[TASK DESCRIPTION]
Which lines belong in your copy? Those from the start of the data through the line with "Áreas de texto", exactly as written, without any pictures.

▬▬▬

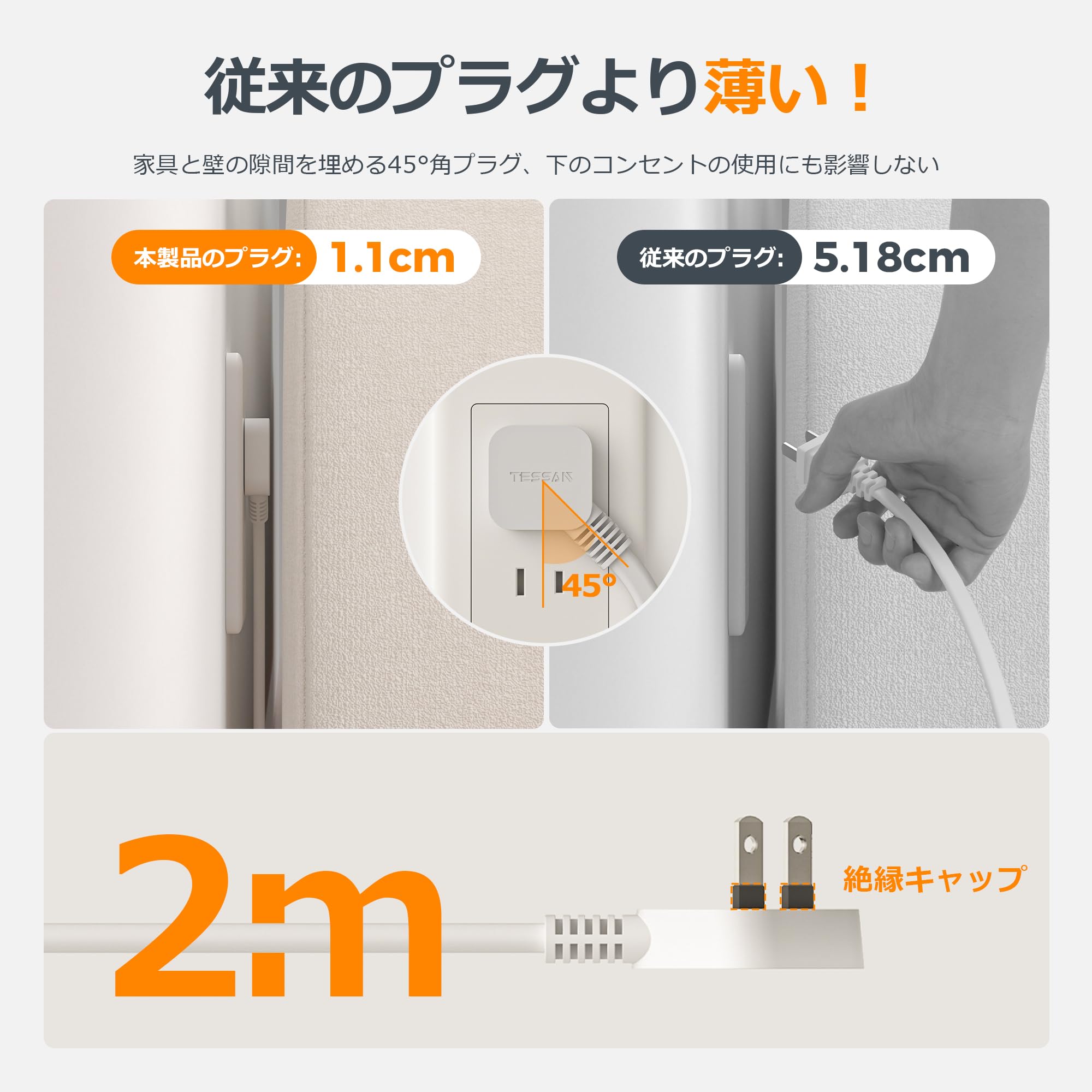 ■ 【薄型プラグとUSB×3】このUSB電源タップは薄型プラグを採用し、3つのUSBポートを備えています。
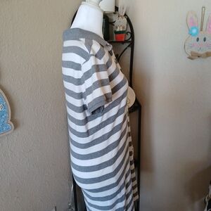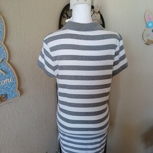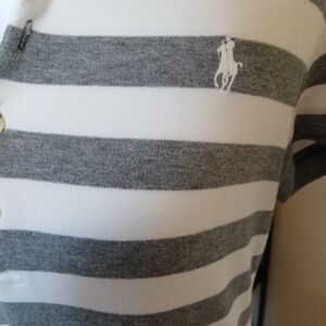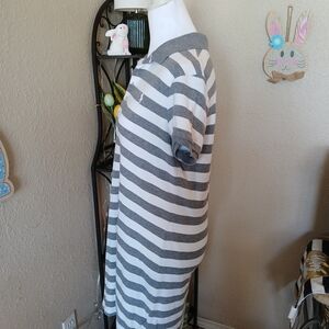 Classic polo-style midi dress by Polo Ralph Lauren. Horizontal gray and white stripes. Short sleeves with buttoned henley neckline. Casual, comfortable knit fabric. Easy to wear for everyday outings.
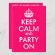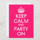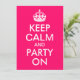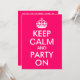 Áreas de texto personalizáveis em uma paródia cor-de-rosa brilhante e branca "Manter calma e festa ligada" para uma festa de aniversário.
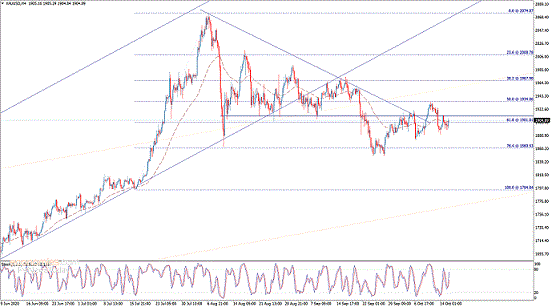 周五(10月16日)亚市早盘,现货黄金温和走低,金价现报1906美元/盎司附近。知名财经网站cooi.co最新撰文,对金价后市走势进行分析。 因美国总统特朗普再次点燃人们对在11月3日大选前通过新冠病毒刺激计划的希望,黄金价格周四小幅上涨。 现货黄金周四收报1907.58美元/盎司,上涨7.15美元或0.38%。特
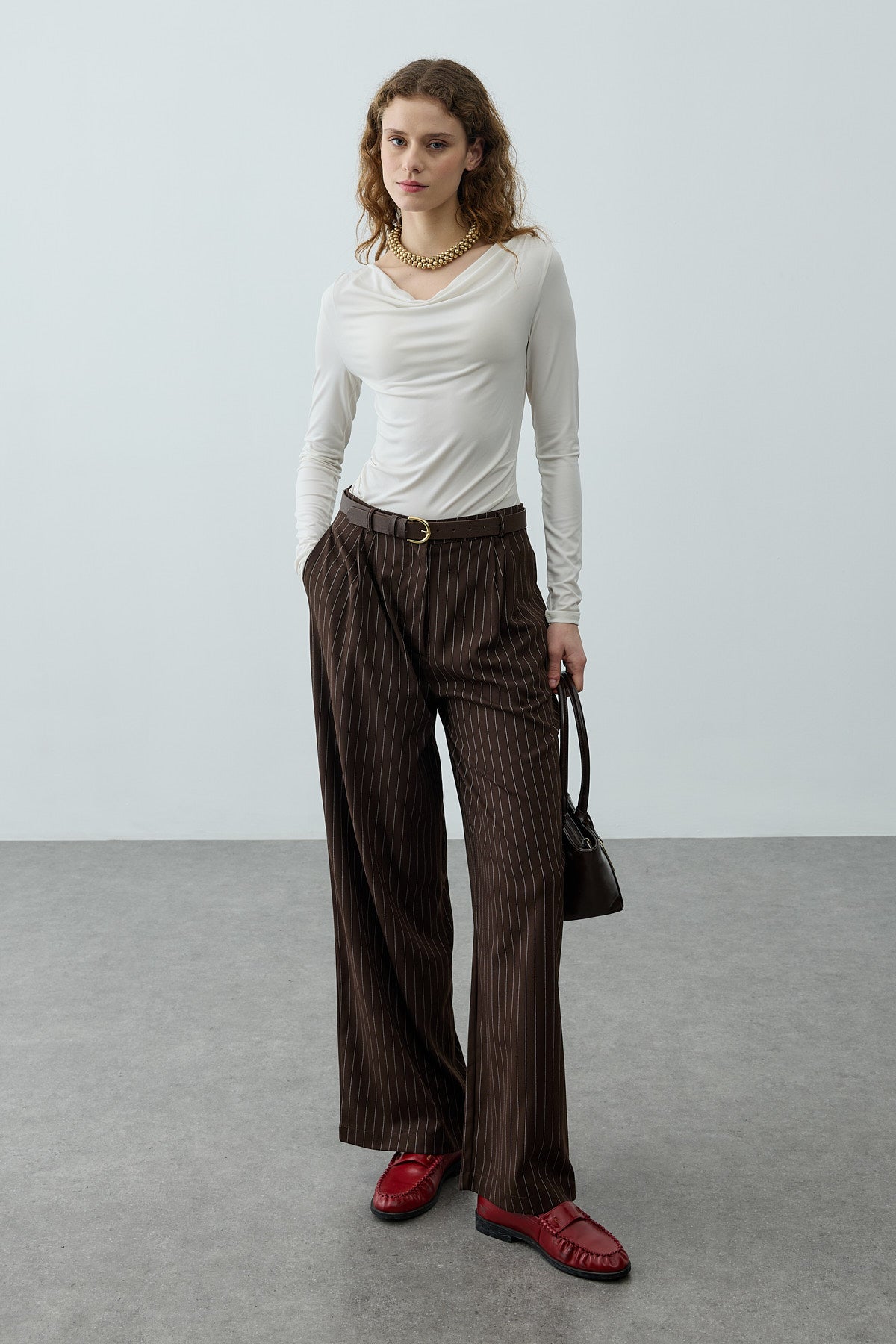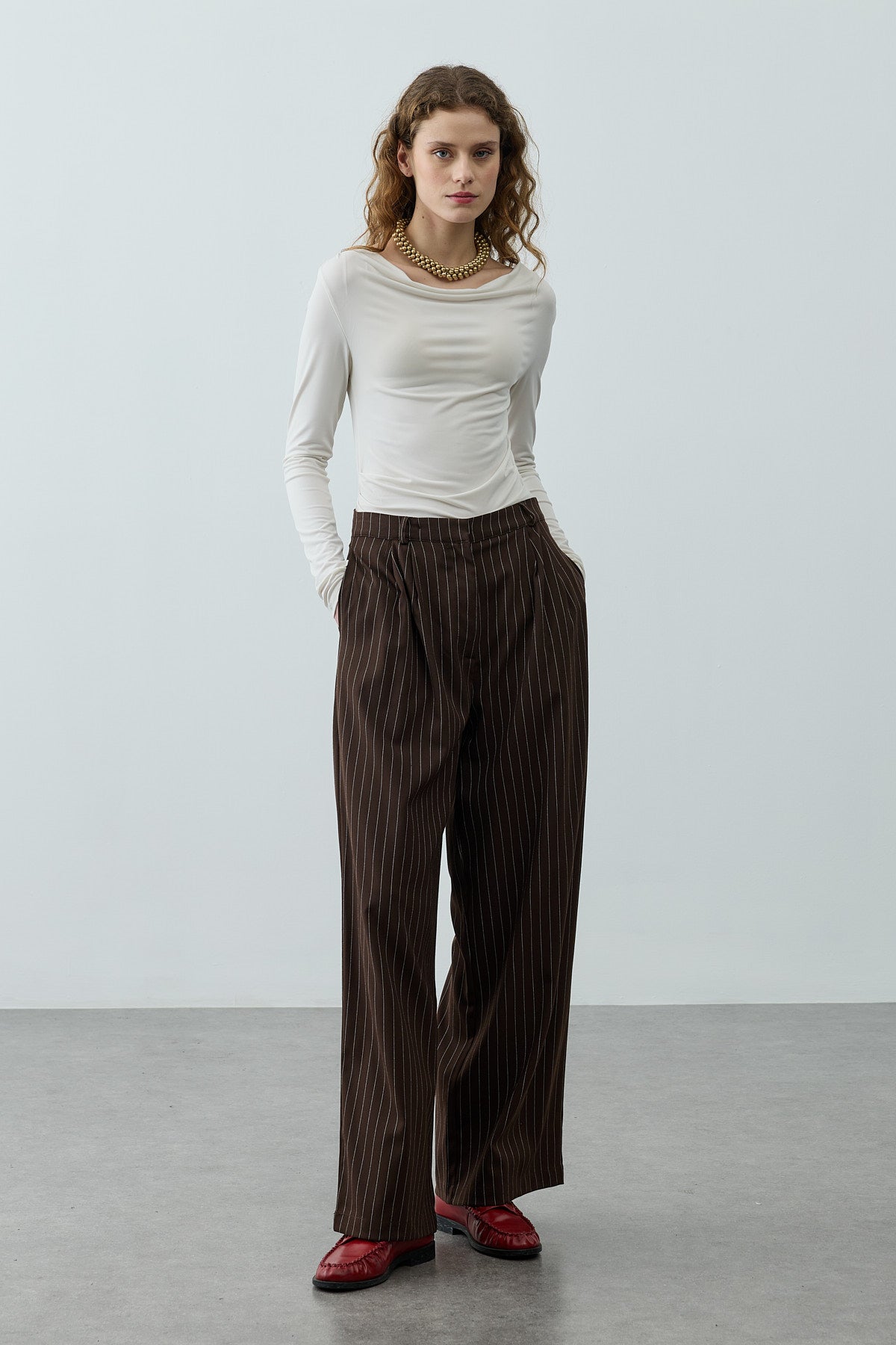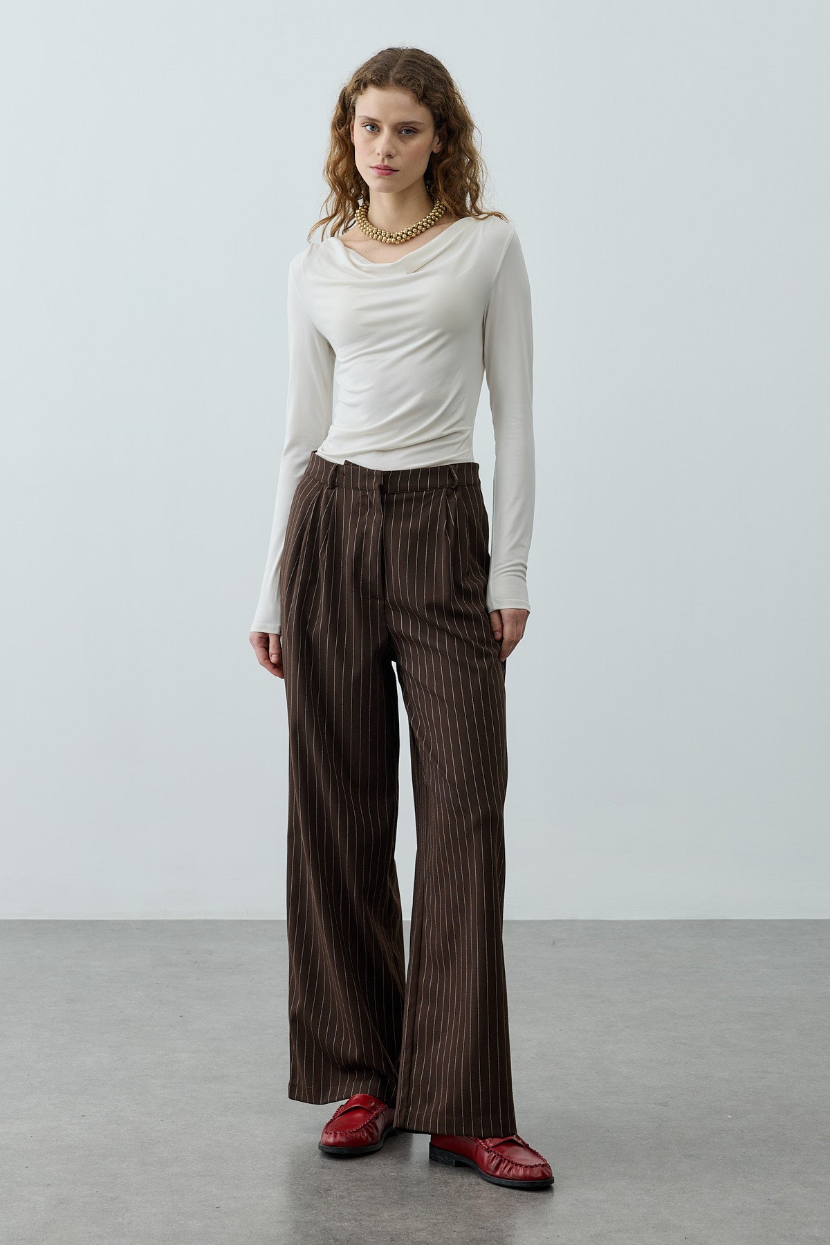 İnce dökümlü çizgili dokuma kumaştan üretilmiş, ön kısmı pileli, cepli, fermuar ve düğme kapamalı, palazzo kesim şık pantolon.

▬▬▬

[YOUR RESPONSE]
 ■ 【薄型プラグとUSB×3】このUSB電源タップは薄型プラグを採用し、3つのUSBポートを備えています。
 Classic polo-style midi dress by Polo Ralph Lauren. Horizontal gray and white stripes. Short sleeves with buttoned henley neckline. Casual, comfortable knit fabric. Easy to wear for everyday outings.
 Áreas de texto personalizáveis em uma paródia cor-de-rosa brilhante e branca "Manter calma e festa ligada" para uma festa de aniversário.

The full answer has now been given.